Pour revenir donc à notre question : qu’est-ce qui fait qu’un prénom soit français ? Je répondrais : sa francisation. C.-à-d. le fait qu’il soit utilisé dans la langue française (en cohérence avec son système phonémique) sur des territoires francophones. Or, tant pis pour E. Zemmour et ses épigones, car c’est déjà le cas pour les prénoms d’origine arabe.

C’est particulièrement audible dans la manière dont ils sont prononcés, « à la française », sans les consonnes gutturales et emphatiques propres aux langues sémitiques.
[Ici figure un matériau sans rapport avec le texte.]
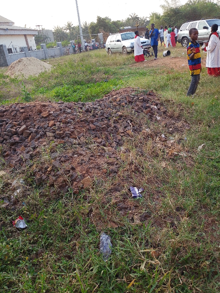 The image displays an outdoor scene in Enugwu-Ukwu, Nigeria, featuring an open, unpaved area. The foreground consists of uneven terrain covered by sparse green and dry brown grasses, with several discarded foil and plastic wrappers visible as litter. A prominent pile of dark brown and reddish-brown fractured rocks or rubble occupies the central-left foreground. In the midground, a group of approximately 10-15 individuals is present, along with two parked vehicles. On the right, a young male child, approximately 6-10 years old, stands looking towards the camera, wearing a multi-colored horizontal striped shirt (yellow, red, blue) and dark pants. Behind him, two adults wear white religious vestments with red sashes; one holds a metallic processional cross with a figure, while the other holds a small metallic vessel. A white minivan or SUV is parked in the midground-left, with a silver SUV further back on the right. Several other individuals, dressed in casual clothing, are standing near the vehicles; one person in a blue shirt is speaking on a mobile phone. A dark, cylindrical object lies on the ground near the white vehicle. The background on the left reveals a light-colored building under construction with a grey perimeter wall and an adjacent pile of light-colored sand. Further into the background, additional buildings, dense green foliage, and palm trees are visible under a bright, hazy sky. A tall utility pole extends vertically in the upper left-center of the frame.

Par exemple, Fatiha est prononcé « Fatia », et Yahya « Yaya », conformément aux phonèmes du français où le son Ḥ est inexistant. Évolution parallèle à ce qui a déjà eu lieu en Afrique de l’Ouest, comme Mamadou pour Muḥammad, Abibatou pour Ḥabîba, Assana pour Ḥasan, Aïssatou pour ‘Â’isha, et le fameux Hapsatou (prononcé avec un H muet) pour Ḥafṣa, etc.


De plus, une partie importante des prénoms arabes sont d’origine biblique (i.e. hébraïque) – et ne sont donc qu’une version parallèle de ceux existant déjà ici –, comme Ismâʿîl pour Ismaël, Ibrâhîm pour Abraham, Mûsâ pour Moïse, ‘Alî pour Héli, Ilyâs pour Élie, Hâjar pour Hagar, Sâra pour Sarah, Yaḥyâ pour Jean, Yûsuf pour Joseph, Sulaymân pour Salomon, ‘Îsâ pour Jésus, Maryam pour Myriam, etc.


Un jour viendra en France où des non-musulmans porterons des prénoms arabes sans que cela ne pose aucun problème à personne, et se multiplieront les Malika Durand, les Kamel Martin, les Salima Lefèvre et les Ilyès Dupont. À côté des Christophe Benzema, Sabine Haddad, Anne-Marie Ndiaye, Jean-Paul Bencheikh et Sophie Diouf.